# Task item:
Your copy should begin at the line containing "Michel Morin教授" and end at the last line of the records below, matching each line exactly and leaving out pictures.

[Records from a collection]

..........

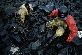 USA, Alaska. Prince William Sound. 1989. The clean-up of the...
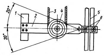 Рис. 2.16. Натяжное устройство: 1 — груз; 2 — рычаг; 3 — канат; 4 — блок; 5 — направляющая кабины; 6 — прижим
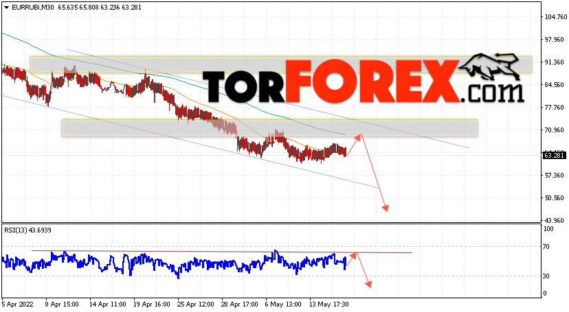 Дополнительным сигнальном в пользу падения валютной пары EUR/RUB на Форекс выступит тест линии сопротивления на индикаторе относительной силы (RSI). Вторым сигналом станет отскок от верхней границы медвежьего канала. Отменой варианта падения валютной пары EUR/RUB на Форекс 19 мая 2022 станет сильный рост и пробой уровня 75.55 Евро за Рубль. Это укажет на пробой области сопротивления и продолжение роста пары Евро Рубль в область выше уровня 80.05. Подтверждением падению валютной пары выступит пробой области поддержки и закрытие котировок инструмента под уровнем 58.75.
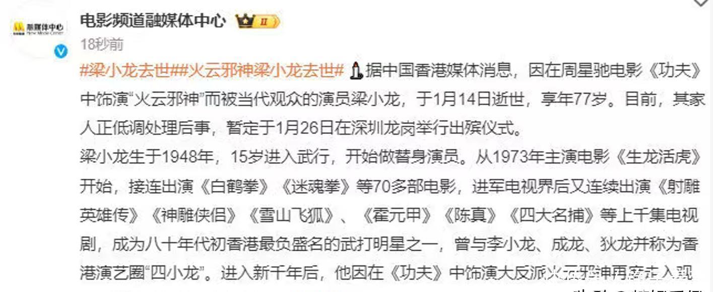 正因如此,大家才更难接受这个突如其来的消息。前几天还在为孩子发声,转眼人就没了?而且账号持续更新,时间线对不上,难免让人起疑。到底发生了什么?身体一直好好的,怎么突然就走了? 眼下真相还没完全浮出水面,但无论如何,这位曾用拳头和正气打动一代人的老演员,值得一句真心的告别:梁小龙老师,一路走好。
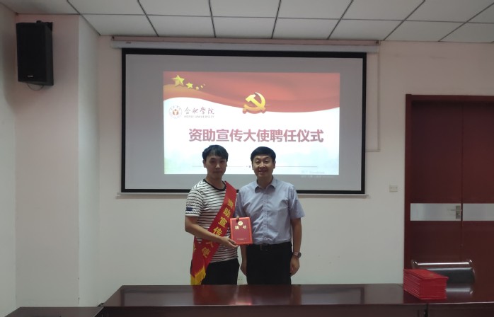为了进一步加强我校学生资助工作宣传力度和资助育人成效,促进形成优良的资助育人氛围,不断提高学校资助工作水平,我校组织新学年“资助宣传大使”聘任工作。9月10日,“资助宣传大使”聘任仪式在行政楼一楼会议室召开。校党委委员、党委学工部部长、学生处处长朱涛参加活动并为新任“资助宣传大使”颁发聘书,资助管理中心主任詹磊主持仪式,14位2019-2020学年国家奖学金、国家励志奖学金获得者获聘“合肥学院资助宣传大使”。获聘同学将在新生报到期间广泛开展学生资助政策宣传,与新生交流个人在校期间学习、生活中的有益经验,帮助新生尽快适应大学生活。
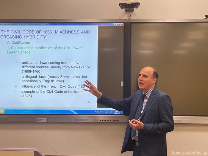 Michel Morin教授首先界定了魁北克法系的三个核心特征,并解析了魁北克法系从混合性、杂糅性到融合性的演进历程,接着分析了加拿大宪法对联邦与立法权的划分,特别是对魁北克司法体系的影响,介绍了1994年《魁北克民法典》的创新与融合,探讨了民法典现代化改革对其行政法的影响。
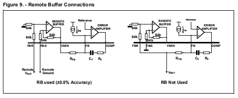 该装置集成了一个远程传感缓冲器,使得输出电压远程传感的实现不需要任何其他外部组件。通过这种方式,编程的输出电压在远程缓冲输入之间调节,如果设备用于VRM,则补偿主板跟踪损耗或连接器损耗模块。极低偏移放大器通过引脚FBR和FBG(FBR)远程感测输出电压用于调节电压检测,而FBG用于接地检测),并在VSEN内部报告该电压统一增益引脚消除错误。保持FBR和FBG轨迹平行并由电源保护平面会导致任何拾取噪声的共模耦合。如果不需要远程感应,将RFB直接连接到调节电压就足够了:VSEN变成未连接,仍通过远程缓冲器感应输出电压。在这种情况下,FBG和FBR引脚必须连接到规定电压(见图10)。远程缓冲器包括在微调链中,以便在输出电压上达到±0.5%的精度当使用RB时:将其从控制回路中消除会导致RB增加调节误差抵消了设备性能的恶化。
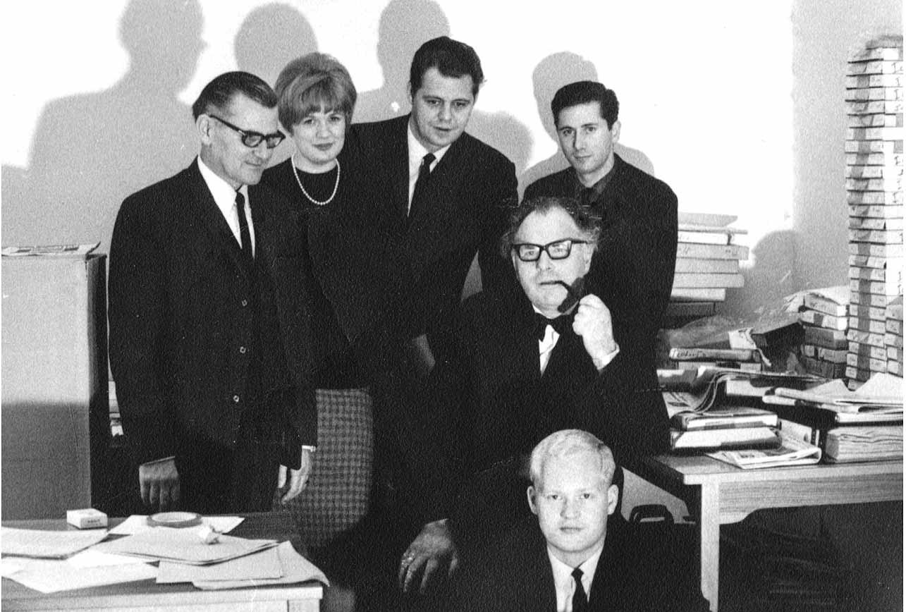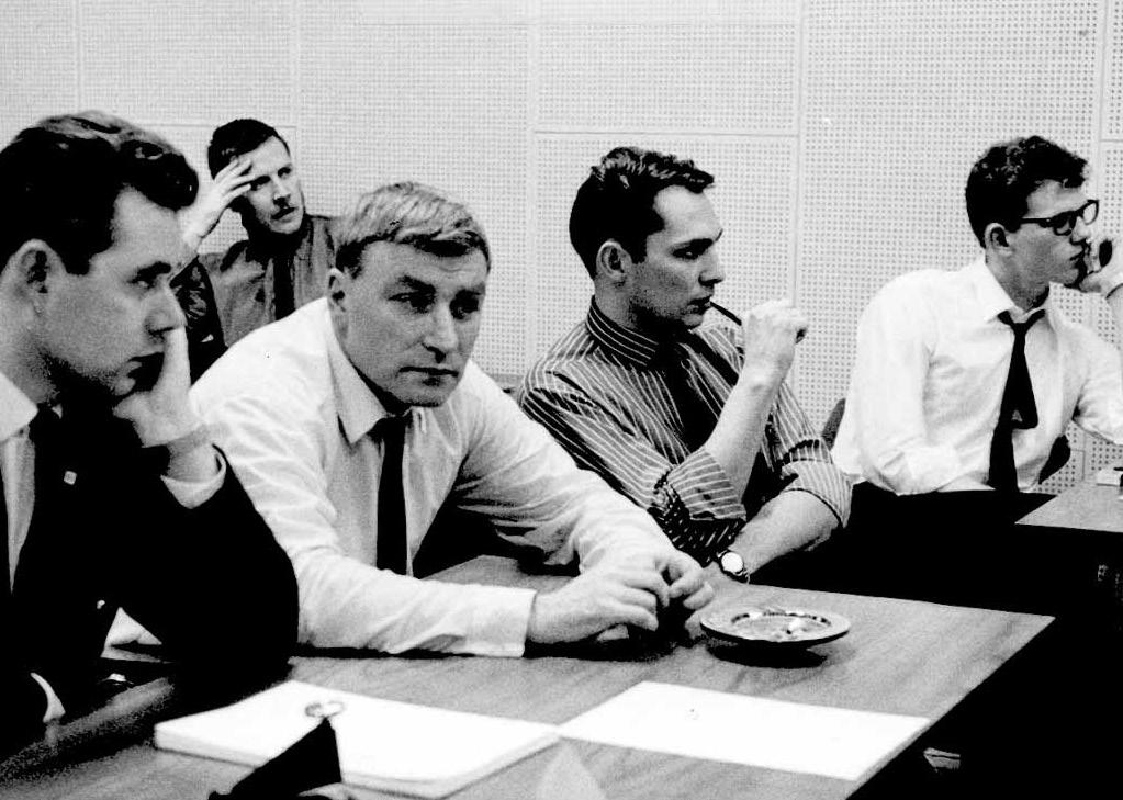 Myndstjórn til hliðar við upptökusalinn á Laugaveginum. Karl Jeppesen, tímavörður, Markús útsendingarstjóri, Helgi Sveinbjörnsson annaðist myndblöndun, Jón Hermannsson, tæknistjóri, og Ingvi Hjörleifsson, ljósameistari.

..........

# Finished exercise:
 Michel Morin教授首先界定了魁北克法系的三个核心特征,并解析了魁北克法系从混合性、杂糅性到融合性的演进历程,接着分析了加拿大宪法对联邦与立法权的划分,特别是对魁北克司法体系的影响,介绍了1994年《魁北克民法典》的创新与融合,探讨了民法典现代化改革对其行政法的影响。
 该装置集成了一个远程传感缓冲器,使得输出电压远程传感的实现不需要任何其他外部组件。通过这种方式,编程的输出电压在远程缓冲输入之间调节,如果设备用于VRM,则补偿主板跟踪损耗或连接器损耗模块。极低偏移放大器通过引脚FBR和FBG(FBR)远程感测输出电压用于调节电压检测,而FBG用于接地检测),并在VSEN内部报告该电压统一增益引脚消除错误。保持FBR和FBG轨迹平行并由电源保护平面会导致任何拾取噪声的共模耦合。如果不需要远程感应,将RFB直接连接到调节电压就足够了:VSEN变成未连接,仍通过远程缓冲器感应输出电压。在这种情况下,FBG和FBR引脚必须连接到规定电压(见图10)。远程缓冲器包括在微调链中,以便在输出电压上达到±0.5%的精度当使用RB时:将其从控制回路中消除会导致RB增加调节误差抵消了设备性能的恶化。
 Myndstjórn til hliðar við upptökusalinn á Laugaveginum. Karl Jeppesen, tímavörður, Markús útsendingarstjóri, Helgi Sveinbjörnsson annaðist myndblöndun, Jón Hermannsson, tæknistjóri, og Ingvi Hjörleifsson, ljósameistari.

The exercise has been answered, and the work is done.